Kitab “Tadzkirah ath-Tha’ifah al-Manshurah bi Ba’dh as-Sunan al-Mahjurah” |
Pertanyaan
Segala puji hanya bagi Allah. Shalawat dan salam semoga senantiasa tercurahkan kepada Nabi Muhammad, tidak ada nabi lagi setelah beliau. Amma ba’du:
Komite Tetap Riset Ilmiah dan Fatwa telah menelaah apa yang telah disampaikan sebagian penasihat Sekretariat Jenderal Dewan Ulama Senior No. 779 tanggal 6/2/1421 H, yang disertai satu buah kitab berjudul “Tadzkirah ath-Tha’ifah al-Manshurah bi Ba’dh as-Sunan al-Mahjurah” karya Mahmud Imam Mansur, cetakan Darul Ma’atsir, Madinah al-Munawwarah, tahun 1420 H.
Jawaban
Setelah menelaah kitab ini, Komite menemukan bawa penulisnya menggunakan standar pribadi yang dibuat sendiri dalam menyusunnya. Dia mengatakan bahwa tindakan-tindakan Nabi Muhamad Shallallahu ‘Alaihi wa Sallam yang pada hakikatnya hanya merupakan kebiasaan sehari-hari dianggap memiliki kekuatan hukum syariat dan dikategorikan sebagai sunah.
Menurutnya, perilaku harian beliau itu sama seperti tindakan-tindakan Nabi Shallallahu ‘Alaihi wa Sallam yang dilakukan dengan tujuan ibadah. Ini dijelaskan pada halaman 17. Padahal, sebagaimana kita ketahui bersama bahwa mencampuradukkan antara kebiasaan dengan tasyri’ (ibadah) adalah sebuah kesalahan besar dan termasuk cara penetapan kaidah yang keliru.
Ini telah dijelaskan dalam kitab-kitab Ushul Fikih. Sebagai akibat dari penggunaan metode penetapan kaidah yang keliru dan diaplikasikan dalam kitab, penulis telah melakukan banyak kesalahan ilmiah dan menetapkan hukum fikih secara syadz (aneh, menyimpang dari pendapat kebanyakan ulama).
Dia bahkan menghukumi sunah segala perbuatan yang telah dibidahkan oleh para peneliti, yaitu perbuatan yang oleh pelakunya dianggap kesunahan (padahal bukan).

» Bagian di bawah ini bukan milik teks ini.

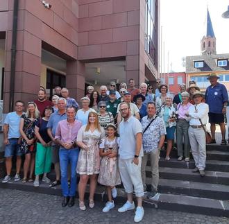 Im Juni durften wir das 70-jährige Bestehen dieser besonderen Verbindung mit einem großen Fest in Edenkoben feiern. Wir freuten uns sehr über den Besuch einer offiziellen Delegation aus Dinkelsbühl, angeführt von Oberbürgermeister Dr. Christoph Hammer und dem Zweiten Bürgermeister Georg Piott. Begleitet wurden sie von mehreren Stadträten, Hauptamtsleiter Thomas Staufinger sowie zahlreichen Dinkelsbühler Bürgerinnen und Bürgern, die gemeinsam in einem Reisebus anreisten. Eine große Freude war uns auch die musikalische Begleitung durch die berühmte Dinkelsbühler Knabenkapelle, die Schwedentänzer der Kinderzeche und die Abordnungen der Feuerwehren Dinkelsbühl und Sinbronn.

Di antara hal-hal yang dianggap sunah oleh penulis padahal sebenarnya tidak adalah:
(a) Sunah berbaring setelah mengerjakan salat Subuh dua rakaat (hlm. 51). (b) Sunah tidak berbicara setelah salat Subuh hingga matahari terbit (hlm. 66). Padahal telah diriwayatkan secara sahih bahwa Rasulullah Shallallahu ‘Alaihi wa Sallam pernah berbicara dengan istri beliau, Ummul Mukminin, Aisyah radhiyallahu ‘anha, setelah salat Subuh. Ini telah dijelaskan dalam dalam Shahih Bukhari dan kitab-kitab hadis yang lain.
c) Sunah merapatkan kedua kaki saat sujud (hlm. 86). Padahal yang disunahkan adalah merenggangkan keduanya secukupnya. (d) Sunah membatasi jumlah tangga mimbar dengan tiga tangga saja (hlm. 131)

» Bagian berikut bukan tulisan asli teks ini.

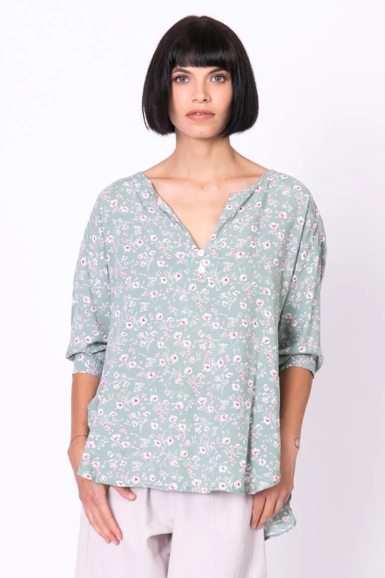 | חולצה מבד ויסקוזה מקולקצית NATURAL. לחולצה מפתח צוואר מעודן עם שני כפתורים ושרוולים באורך 3/4 עם מנג'טים. |

(e) Sunah melepas kancing (hlm. 212). (f) Sunah memakai tutup kepala yang diikat erat (hlm. 222). (g) Dia berpendapat bahwa berbuka puasa setelah mendengar suara meriam adalah bidah (hlm. 135).
Masih banyak contoh-contoh lain tentang tindakan-tindakan yang dianggapnya sebagai perbuatan sunah, padahal sebenarnya tidak. Dia juga telah membuat banyak orang bingung dengan pendapat-pendapat semacam itu.

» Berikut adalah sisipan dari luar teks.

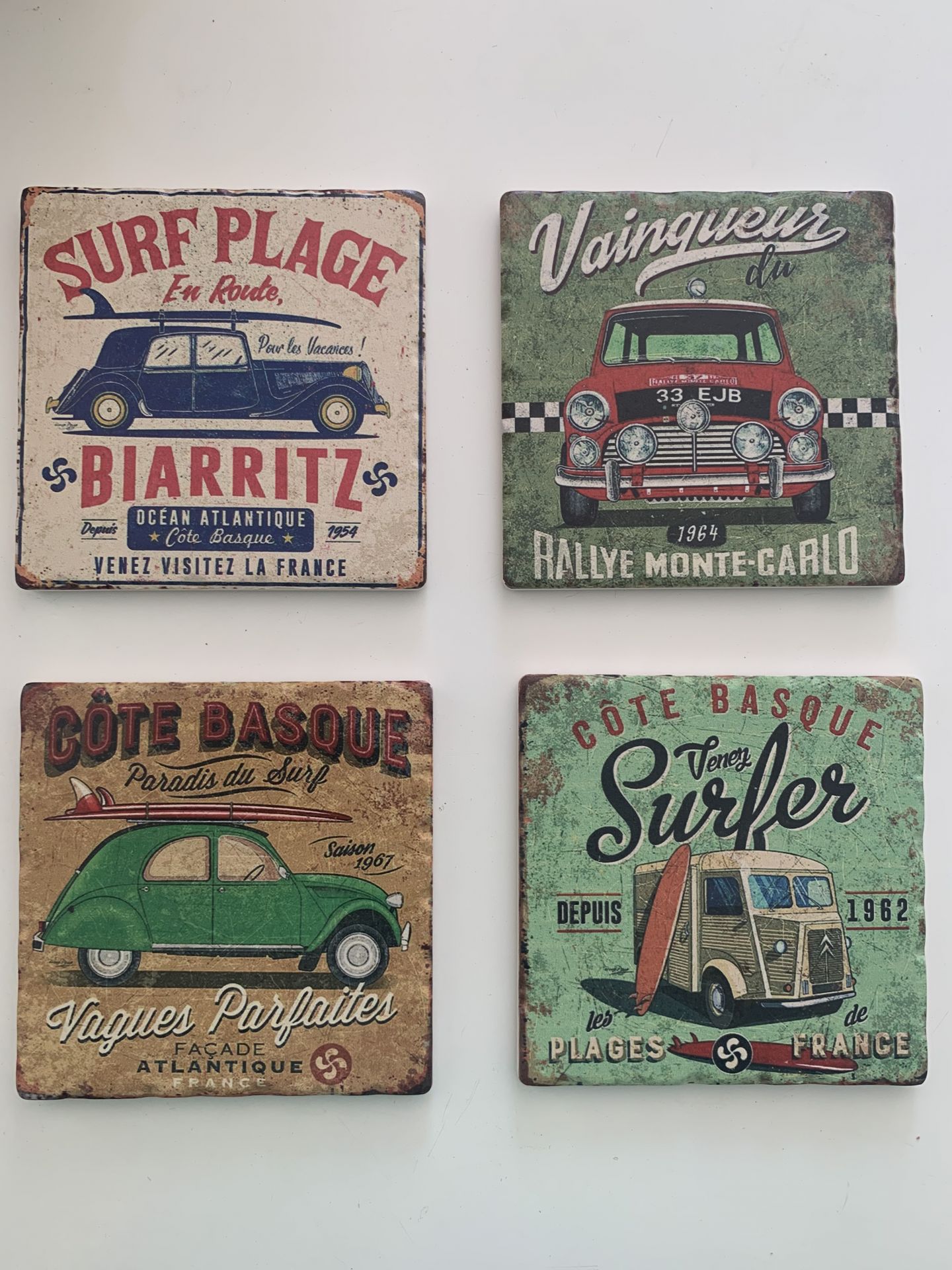 Deze leuke stenen onderzetters zijn zijn weer uniek in zijn soort….Ze zijn te koop per set van 4 met verschillende vintage afbeeldingen.?Prijs per set van 4 stuks 7,95

Oleh karena itu, Komite Tetap Riset Ilmiah dan Fatwa melarang menjual dan menyebarkan kitab ini. Komite juga menyarankan kepada penulisnya agar belajar ilmu syariat kepada para ulama yang sudah mendapat legitimasi, baik dari sisi keilmuan, keutamaan, akidah, dan pemahaman. Wallahu al-Muwaffiq.
Wa Shallallahu `ala Nabiyyina Muhammad wa Alihi wa Shahbihi wa Sallam.